What you are asked to do:
The entries below contain pictures, which are to be left out; write out exactly, and only, the lines from the line with "Cream roses with" up to and including the line with "spots. SOLD |".

Given information:
- Opening Delimiter -
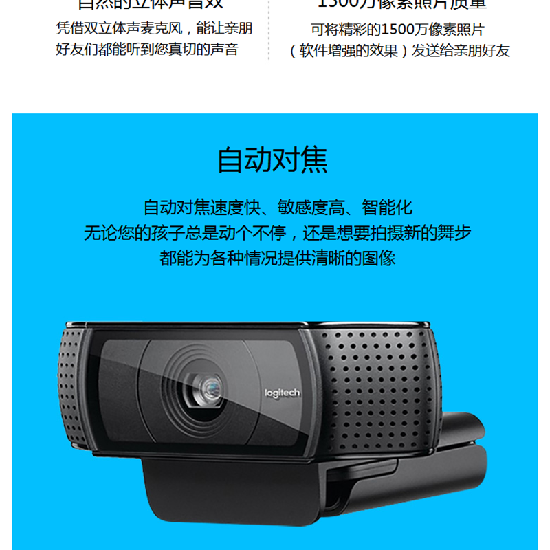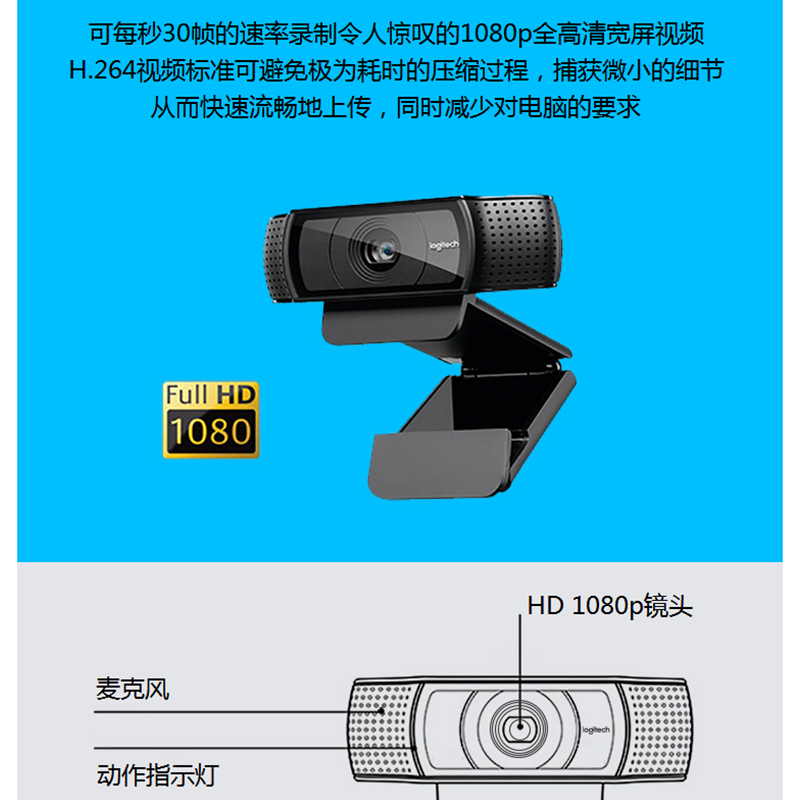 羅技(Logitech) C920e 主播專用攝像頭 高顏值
- Closing Delimiter -
- Opening Delimiter -
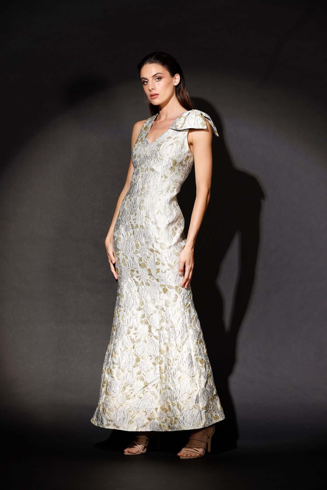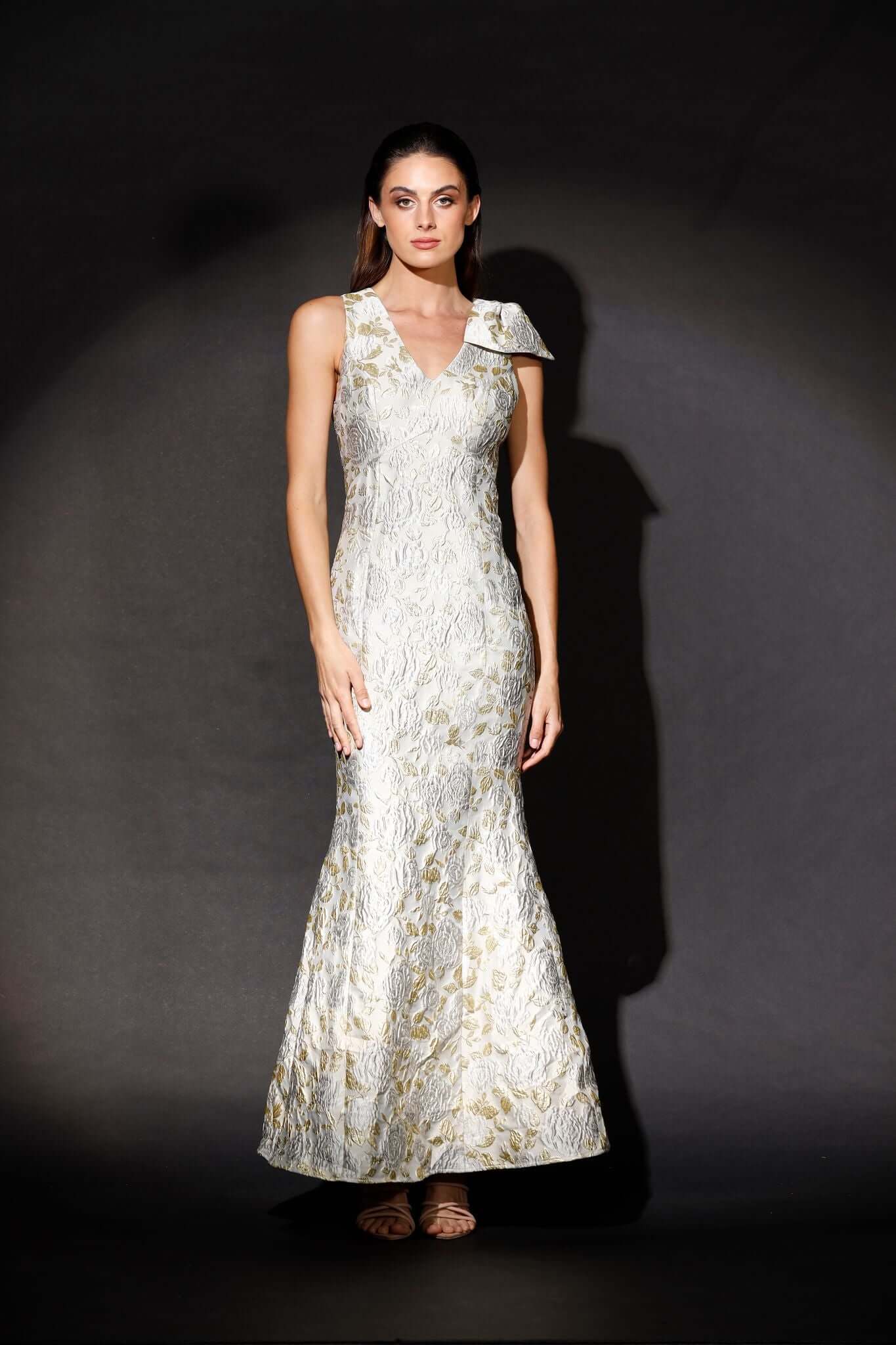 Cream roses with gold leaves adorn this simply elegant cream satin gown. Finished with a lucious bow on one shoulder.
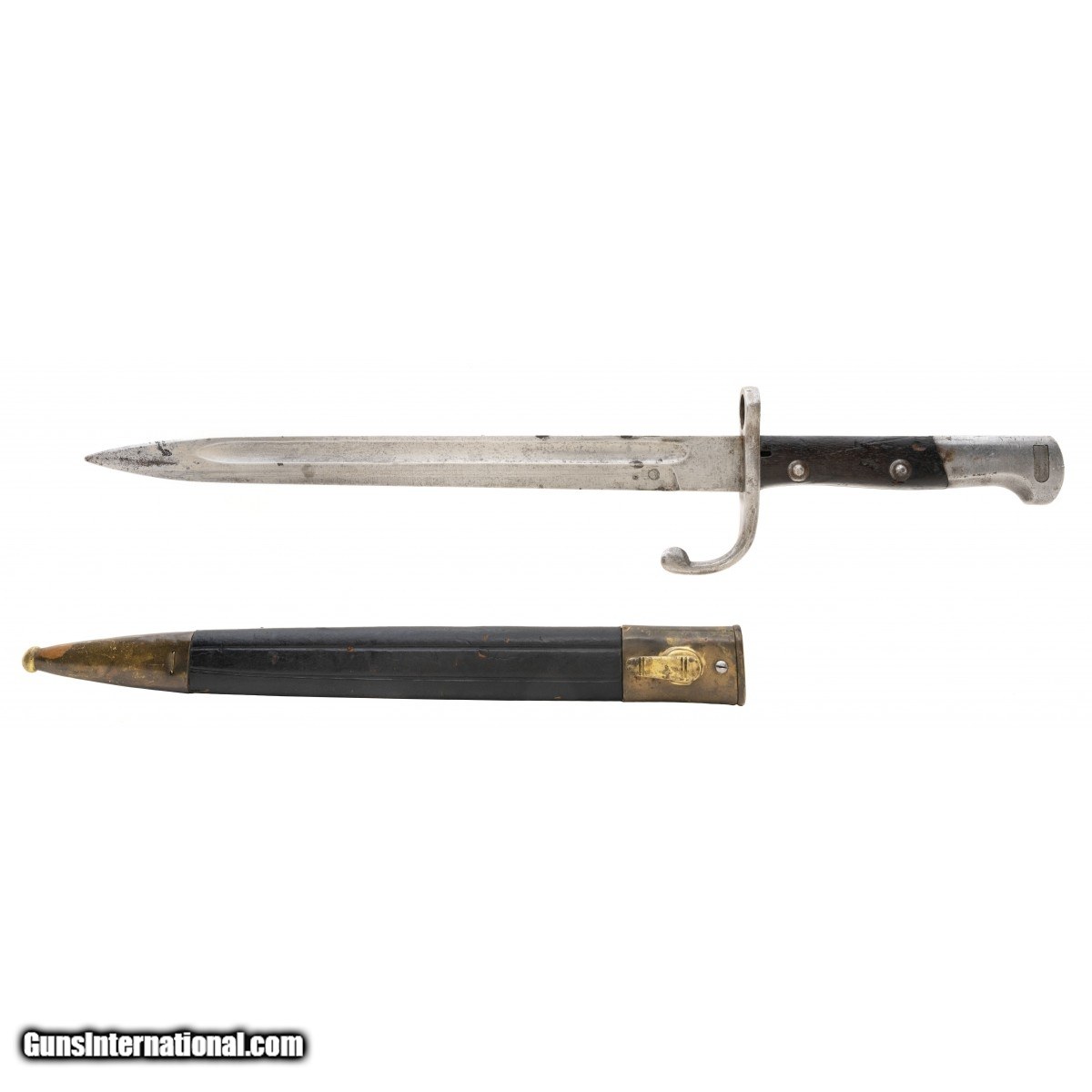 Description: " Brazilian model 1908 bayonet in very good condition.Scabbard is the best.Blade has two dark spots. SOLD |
- Closing Delimiter -
The completed task:
 Cream roses with gold leaves adorn this simply elegant cream satin gown. Finished with a lucious bow on one shoulder.
 Description: " Brazilian model 1908 bayonet in very good condition.Scabbard is the best.Blade has two dark spots. SOLD |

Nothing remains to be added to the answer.